Tracks time series data for reddit posts. I'm building it to collect data for a blog post I'm writing.
You'll need to have a reddit developer acount and authentication information to run this code. If you don't already have such an account you can follow this guide (it's completely free). After cloning this repository, create a new file called "authentication.py" and add your authentication information to the file. It should look something like this:
import praw
reddit = praw.Reddit(client_id='your id', \
client_secret='your secret', \
user_agent='your app name', \
username='your username ', \
password="your password")
Using Reddit Post Tracker is as simple as navigating to folder where it is located and running a command through the command line with the subreddits you want to track.

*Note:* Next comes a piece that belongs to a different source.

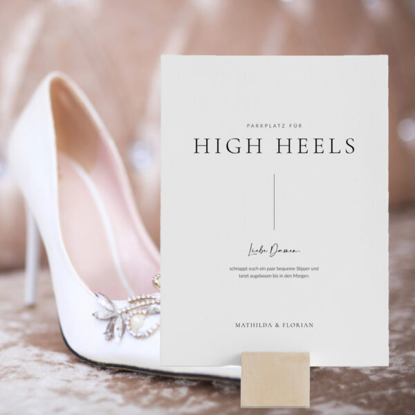 Gestaltet supereinfach ein tolles „High Heels Garage“ oder „Für müde Tanzfüße“ Schild für eure Hochzeit, das ihr problemlos selber drucken oder direkt bei uns auf Acryl, Leinwand, Plakat oder Board drucken lassen könnt.

python3 tracker.py subreddit1 subreddit2 etc.
At the start of every minute data is collected from aproximately all the active posts for each subreddit and automatically stored in an SQLite database in a file called "data.db." Here's an example of what some of the data might look like:
post_id | score | rank | num_comments | present_time (utc time) |
---|---|---|---|---|
ooj686 | 19 | 146 | 6 | 1626925094 |
oojteo | 17 | 147 | 1 | 1626925094 |
ooiid9 | 20 | 148 | 1 | 1626925094 |
Present time is the present time immediately after all the data has been requested and obtained. Because of this, the present time will have a possibly large positive error for each post no more than the time to fetch all posts (which is printed to the console each time posts are fetched).